Data under study:
######
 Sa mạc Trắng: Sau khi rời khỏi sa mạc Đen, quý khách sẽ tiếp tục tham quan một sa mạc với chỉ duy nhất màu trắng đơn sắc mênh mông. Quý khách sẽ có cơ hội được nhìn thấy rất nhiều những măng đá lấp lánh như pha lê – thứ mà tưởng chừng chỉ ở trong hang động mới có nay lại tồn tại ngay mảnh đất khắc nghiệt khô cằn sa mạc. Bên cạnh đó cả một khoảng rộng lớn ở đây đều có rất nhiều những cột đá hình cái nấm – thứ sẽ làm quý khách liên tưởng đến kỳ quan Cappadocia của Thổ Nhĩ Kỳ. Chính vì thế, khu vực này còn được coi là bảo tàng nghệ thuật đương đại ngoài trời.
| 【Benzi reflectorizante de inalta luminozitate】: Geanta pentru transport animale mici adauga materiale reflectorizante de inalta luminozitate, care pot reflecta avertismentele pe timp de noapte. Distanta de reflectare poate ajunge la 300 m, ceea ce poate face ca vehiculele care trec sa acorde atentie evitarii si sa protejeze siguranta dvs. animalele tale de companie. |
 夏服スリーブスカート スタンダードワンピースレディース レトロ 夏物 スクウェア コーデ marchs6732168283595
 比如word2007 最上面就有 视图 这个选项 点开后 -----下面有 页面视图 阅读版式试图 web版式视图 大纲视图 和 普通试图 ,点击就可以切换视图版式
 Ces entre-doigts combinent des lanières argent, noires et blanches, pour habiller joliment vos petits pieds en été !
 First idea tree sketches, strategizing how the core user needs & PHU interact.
######
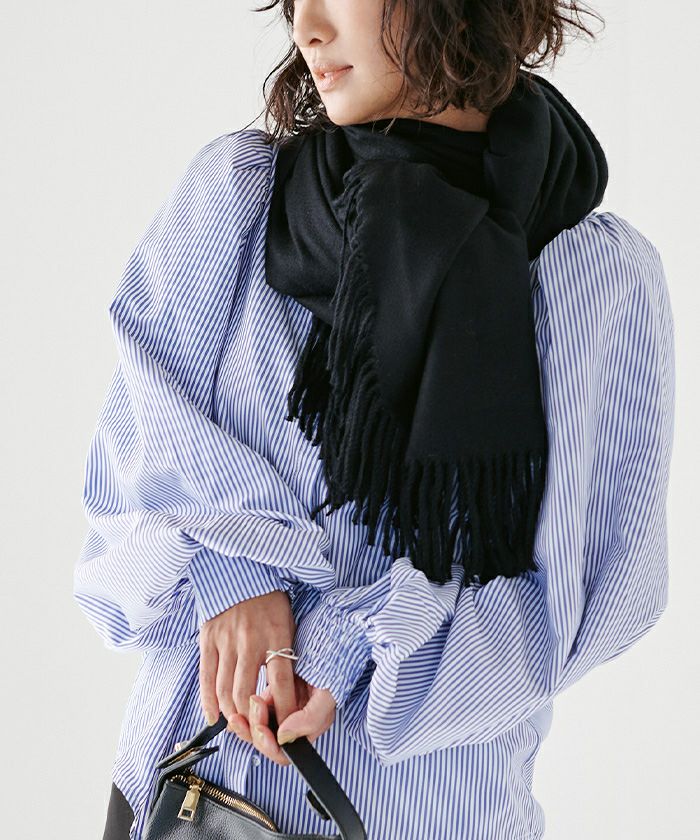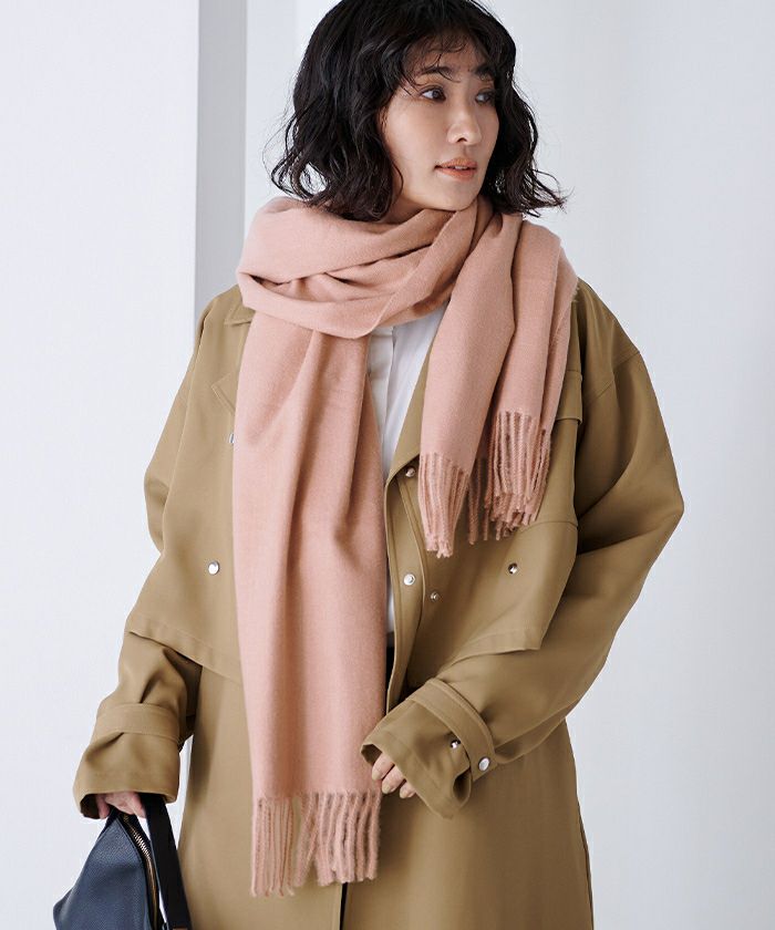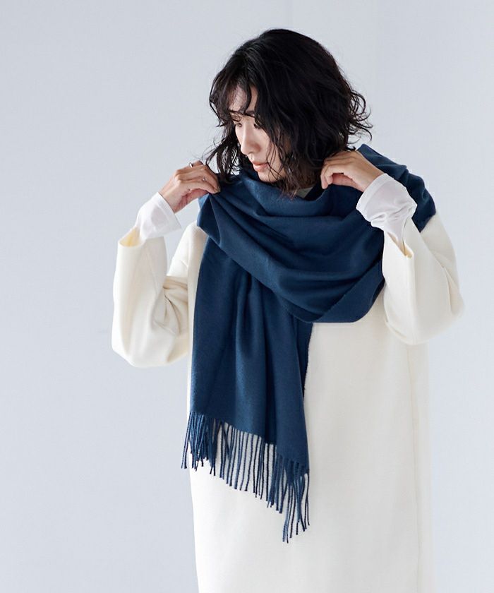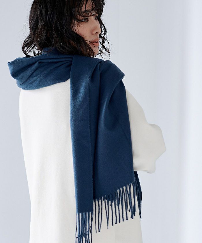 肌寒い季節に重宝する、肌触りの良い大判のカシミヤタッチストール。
######
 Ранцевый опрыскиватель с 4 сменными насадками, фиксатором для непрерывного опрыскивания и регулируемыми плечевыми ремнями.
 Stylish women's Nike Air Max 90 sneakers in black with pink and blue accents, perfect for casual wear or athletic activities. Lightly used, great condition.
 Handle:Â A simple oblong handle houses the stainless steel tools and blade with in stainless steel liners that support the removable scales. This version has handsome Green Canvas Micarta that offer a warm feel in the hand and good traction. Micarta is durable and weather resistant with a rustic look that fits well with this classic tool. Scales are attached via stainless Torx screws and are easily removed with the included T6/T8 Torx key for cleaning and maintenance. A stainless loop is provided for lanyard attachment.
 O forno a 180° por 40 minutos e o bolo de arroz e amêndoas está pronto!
######
About this task: Given the records above, restate word for word only the lines starting at the one with "夏服スリーブスカート スタンダードワンピースレディース レトロ" and ending at the one with "First idea tree".

Reply:
 夏服スリーブスカート スタンダードワンピースレディース レトロ 夏物 スクウェア コーデ marchs6732168283595
 比如word2007 最上面就有 视图 这个选项 点开后 -----下面有 页面视图 阅读版式试图 web版式视图 大纲视图 和 普通试图 ,点击就可以切换视图版式
 Ces entre-doigts combinent des lanières argent, noires et blanches, pour habiller joliment vos petits pieds en été !
 First idea tree sketches, strategizing how the core user needs & PHU interact.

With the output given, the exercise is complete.